Per-Pixel Classification is Not All You Need for Semantic Segmentation
Bowen Cheng, Alexander G. Schwing, Alexander Kirillov
TL;DR
The paper argues that per-pixel classification is not essential for semantic segmentation and introduces MaskFormer, a mask-classification model that unifies semantic- and instance-level segmentation using a single architecture, loss, and training paradigm. It leverages a DETR-style set prediction with a Transformer decoder to generate binary masks and associated class probabilities, enabling high performance on large-vocabulary datasets and competitive panoptic results. Extensive experiments on ADE20K, COCO, Cityscapes, and Mapillary Vistas demonstrate state-of-the-art results and highlight the advantages of mask classification in terms of parameter efficiency and computation, especially as class counts grow.
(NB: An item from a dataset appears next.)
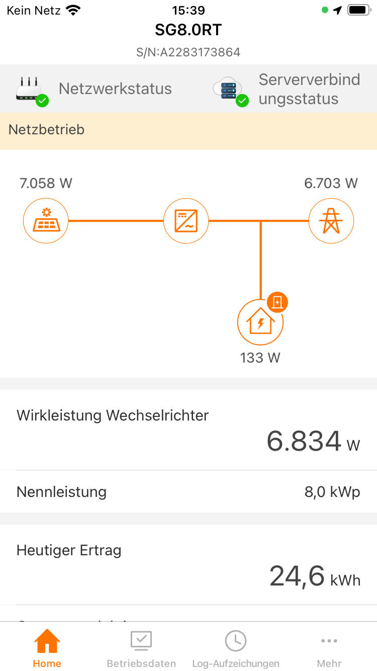 Ansonsten habe ich die neue Firmware des WiNET aufgespielt. Jetzt ist zumindest der Smart Meter immer grün in der APP. Daten in der iSolarCloud z. B für eigenverbrauch poppen immer nur ganz kurz wenn ich den dongle mal abgezogen habe - dann wieder nichts.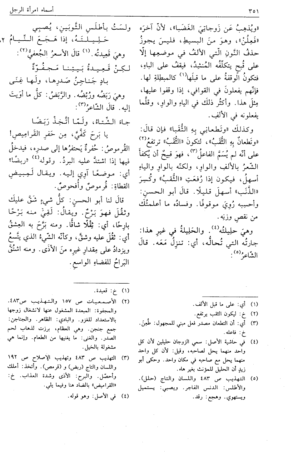"ويذهب عن زوجاتي الغضبا"، لأن آخرخ "فَعِلُنْ"، وهو من البسيط، فليس يجوز حذف النون التي الألف في موضعها إلا على قبح يتكلفه المنشد، فيقف على الباء، فتكون الوقفة على ما قبلها كالمبطلة لها. فإنهم يفعلون في القوافي، إذا وقفوا عليها، مثل هذا. وأكثر ذلك في الياء والواو، وقلما يفعلونه في الألف.

The work shows that a box-free, mask-centric formulation can surpass traditional per-pixel approaches while simplifying the segmentation landscape and enabling broader applicability.
Abstract
Modern approaches typically formulate semantic segmentation as a per-pixel classification task, while instance-level segmentation is handled with an alternative mask classification. Our key insight: mask classification is sufficiently general to solve both semantic- and instance-level segmentation tasks in a unified manner using the exact same model, loss, and training procedure. Following this observation, we propose MaskFormer, a simple mask classification model which predicts a set of binary masks, each associated with a single global class label prediction. Overall, the proposed mask classification-based method simplifies the landscape of effective approaches to semantic and panoptic segmentation tasks and shows excellent empirical results. In particular, we observe that MaskFormer outperforms per-pixel classification baselines when the number of classes is large. Our mask classification-based method outperforms both current state-of-the-art semantic (55.6 mIoU on ADE20K) and panoptic segmentation (52.7 PQ on COCO) models.